- EXERCISE:
Look in the material below for the line with "- Štvorcový odpadkový" and the line with "Gefallener 2. Weltkrieg;", then set down exactly those two lines and all lines between, nothing more.

- DATA FOR PROCESSING:
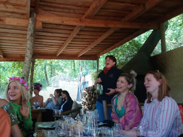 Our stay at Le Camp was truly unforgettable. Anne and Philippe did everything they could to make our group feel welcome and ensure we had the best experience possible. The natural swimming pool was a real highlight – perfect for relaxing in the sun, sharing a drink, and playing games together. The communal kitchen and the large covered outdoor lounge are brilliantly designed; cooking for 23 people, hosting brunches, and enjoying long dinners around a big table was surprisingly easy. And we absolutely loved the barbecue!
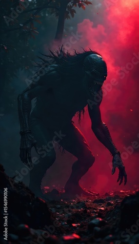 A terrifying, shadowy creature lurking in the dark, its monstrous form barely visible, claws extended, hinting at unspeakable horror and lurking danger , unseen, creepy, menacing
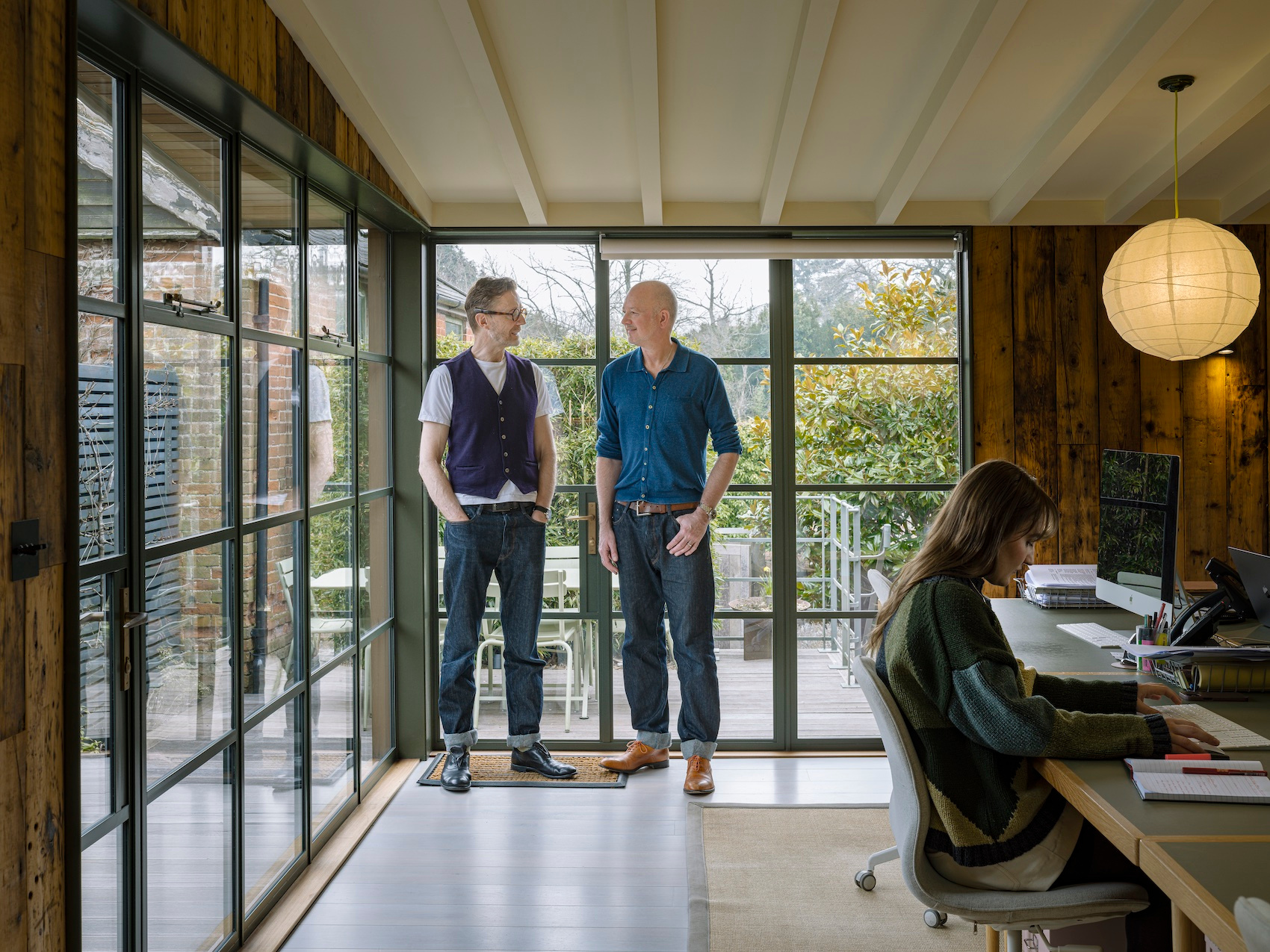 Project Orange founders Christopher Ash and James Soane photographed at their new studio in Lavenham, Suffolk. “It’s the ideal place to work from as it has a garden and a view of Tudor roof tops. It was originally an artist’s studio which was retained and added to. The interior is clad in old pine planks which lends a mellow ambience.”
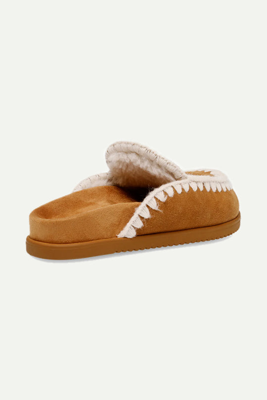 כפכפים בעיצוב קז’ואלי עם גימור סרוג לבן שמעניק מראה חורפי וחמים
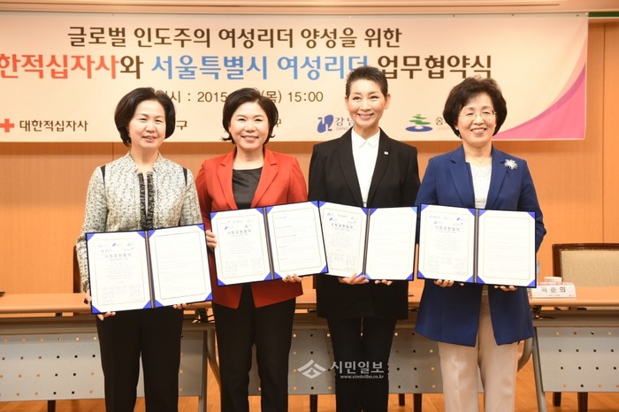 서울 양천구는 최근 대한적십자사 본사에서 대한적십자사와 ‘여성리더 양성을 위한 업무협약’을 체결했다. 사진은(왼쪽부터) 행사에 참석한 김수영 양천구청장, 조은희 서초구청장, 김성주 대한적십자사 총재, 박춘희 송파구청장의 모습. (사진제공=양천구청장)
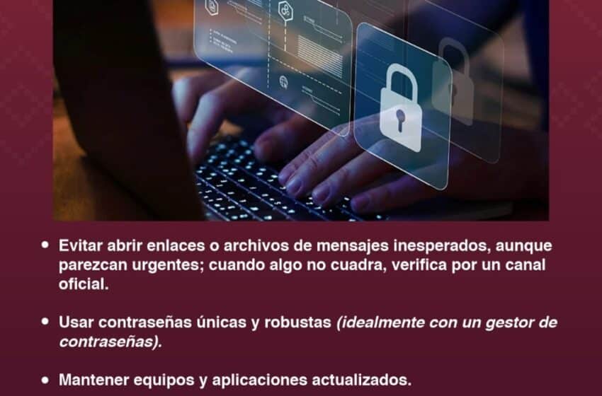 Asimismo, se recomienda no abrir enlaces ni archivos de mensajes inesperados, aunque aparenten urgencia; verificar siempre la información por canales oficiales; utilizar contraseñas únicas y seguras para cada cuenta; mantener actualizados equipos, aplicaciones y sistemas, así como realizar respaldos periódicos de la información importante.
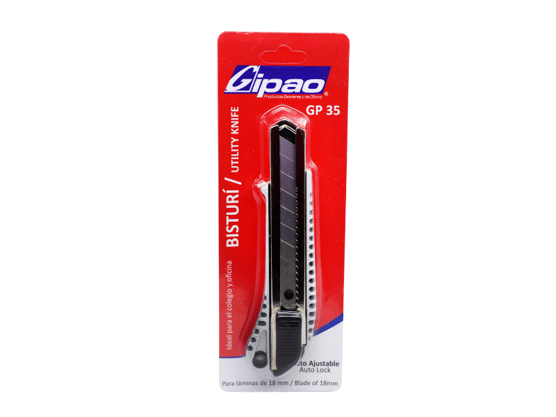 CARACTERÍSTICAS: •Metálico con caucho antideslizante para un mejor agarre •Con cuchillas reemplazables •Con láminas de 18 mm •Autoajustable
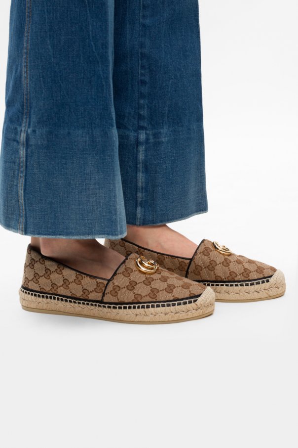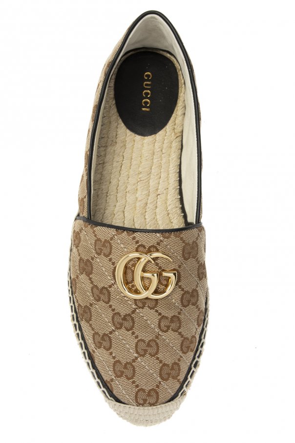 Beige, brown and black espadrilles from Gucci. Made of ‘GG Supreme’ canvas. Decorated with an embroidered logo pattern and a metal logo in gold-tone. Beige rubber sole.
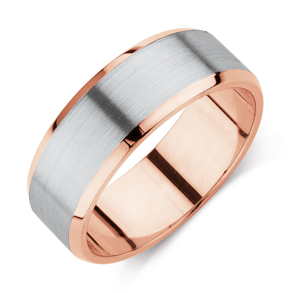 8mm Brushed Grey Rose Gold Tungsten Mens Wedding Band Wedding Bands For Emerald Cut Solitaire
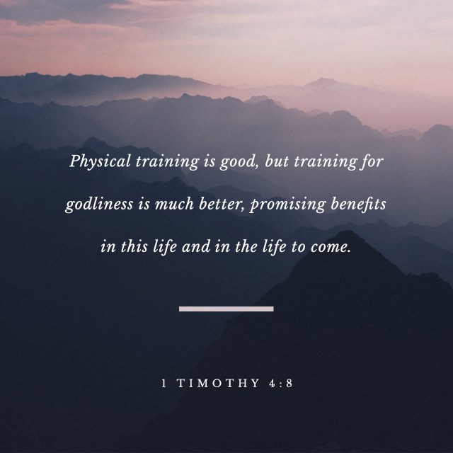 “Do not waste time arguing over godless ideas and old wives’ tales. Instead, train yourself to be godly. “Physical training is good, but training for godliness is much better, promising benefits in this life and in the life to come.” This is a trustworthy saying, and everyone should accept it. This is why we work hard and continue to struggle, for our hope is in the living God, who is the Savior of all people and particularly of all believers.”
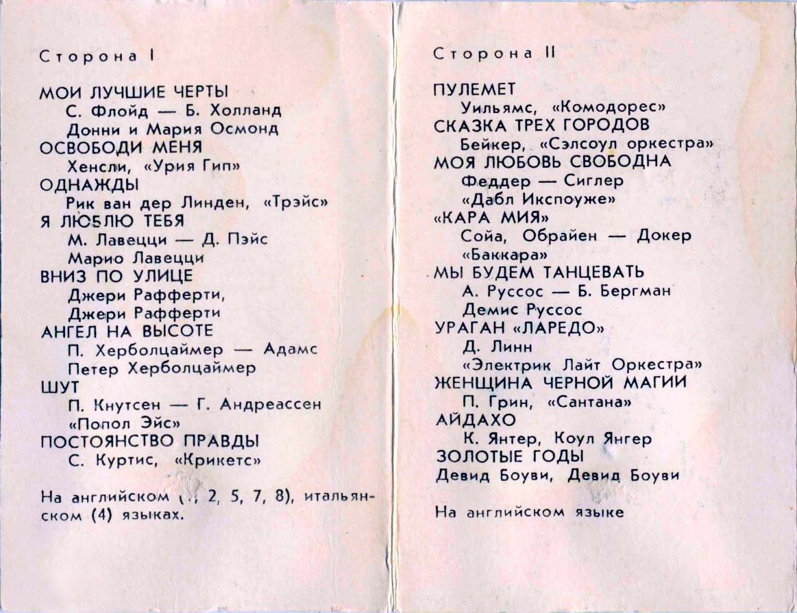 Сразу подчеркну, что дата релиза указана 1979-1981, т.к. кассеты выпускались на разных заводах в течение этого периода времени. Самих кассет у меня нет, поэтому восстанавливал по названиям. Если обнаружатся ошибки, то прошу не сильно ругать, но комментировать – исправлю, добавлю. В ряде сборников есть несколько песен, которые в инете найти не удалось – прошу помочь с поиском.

---

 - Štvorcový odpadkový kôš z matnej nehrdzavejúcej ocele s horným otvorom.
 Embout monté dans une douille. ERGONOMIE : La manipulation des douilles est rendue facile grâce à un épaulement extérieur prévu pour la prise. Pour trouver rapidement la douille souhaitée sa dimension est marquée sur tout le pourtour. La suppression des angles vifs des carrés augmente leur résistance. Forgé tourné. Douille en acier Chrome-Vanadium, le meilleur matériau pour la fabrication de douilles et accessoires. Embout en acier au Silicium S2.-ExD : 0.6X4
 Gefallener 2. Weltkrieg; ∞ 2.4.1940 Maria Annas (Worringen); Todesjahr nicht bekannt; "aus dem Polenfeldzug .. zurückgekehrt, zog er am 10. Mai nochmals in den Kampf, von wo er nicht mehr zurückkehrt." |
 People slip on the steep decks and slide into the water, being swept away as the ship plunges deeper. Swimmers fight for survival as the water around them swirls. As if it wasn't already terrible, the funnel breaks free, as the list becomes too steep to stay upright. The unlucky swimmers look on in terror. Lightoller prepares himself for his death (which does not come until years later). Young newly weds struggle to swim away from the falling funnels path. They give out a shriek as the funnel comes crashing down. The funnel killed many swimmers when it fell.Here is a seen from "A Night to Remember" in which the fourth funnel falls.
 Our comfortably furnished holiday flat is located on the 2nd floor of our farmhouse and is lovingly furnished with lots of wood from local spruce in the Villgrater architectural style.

==

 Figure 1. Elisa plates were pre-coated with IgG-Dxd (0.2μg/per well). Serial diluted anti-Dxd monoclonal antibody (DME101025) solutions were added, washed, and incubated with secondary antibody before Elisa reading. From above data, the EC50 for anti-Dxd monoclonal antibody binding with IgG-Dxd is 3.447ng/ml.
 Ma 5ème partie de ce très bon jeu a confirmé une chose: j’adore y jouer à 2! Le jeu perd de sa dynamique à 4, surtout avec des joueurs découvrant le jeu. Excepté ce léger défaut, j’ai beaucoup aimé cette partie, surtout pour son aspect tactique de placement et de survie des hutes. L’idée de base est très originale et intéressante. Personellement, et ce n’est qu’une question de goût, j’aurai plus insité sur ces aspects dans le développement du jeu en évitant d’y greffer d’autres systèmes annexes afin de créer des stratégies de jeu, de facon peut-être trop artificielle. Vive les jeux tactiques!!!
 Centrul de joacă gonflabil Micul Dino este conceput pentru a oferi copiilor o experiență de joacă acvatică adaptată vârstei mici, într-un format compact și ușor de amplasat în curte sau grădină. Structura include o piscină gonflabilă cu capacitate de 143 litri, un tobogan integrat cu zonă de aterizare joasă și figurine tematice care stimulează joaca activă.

- TASK SOLUTION:
 - Štvorcový odpadkový kôš z matnej nehrdzavejúcej ocele s horným otvorom.
 Embout monté dans une douille. ERGONOMIE : La manipulation des douilles est rendue facile grâce à un épaulement extérieur prévu pour la prise. Pour trouver rapidement la douille souhaitée sa dimension est marquée sur tout le pourtour. La suppression des angles vifs des carrés augmente leur résistance. Forgé tourné. Douille en acier Chrome-Vanadium, le meilleur matériau pour la fabrication de douilles et accessoires. Embout en acier au Silicium S2.-ExD : 0.6X4
 Gefallener 2. Weltkrieg; ∞ 2.4.1940 Maria Annas (Worringen); Todesjahr nicht bekannt; "aus dem Polenfeldzug .. zurückgekehrt, zog er am 10. Mai nochmals in den Kampf, von wo er nicht mehr zurückkehrt." |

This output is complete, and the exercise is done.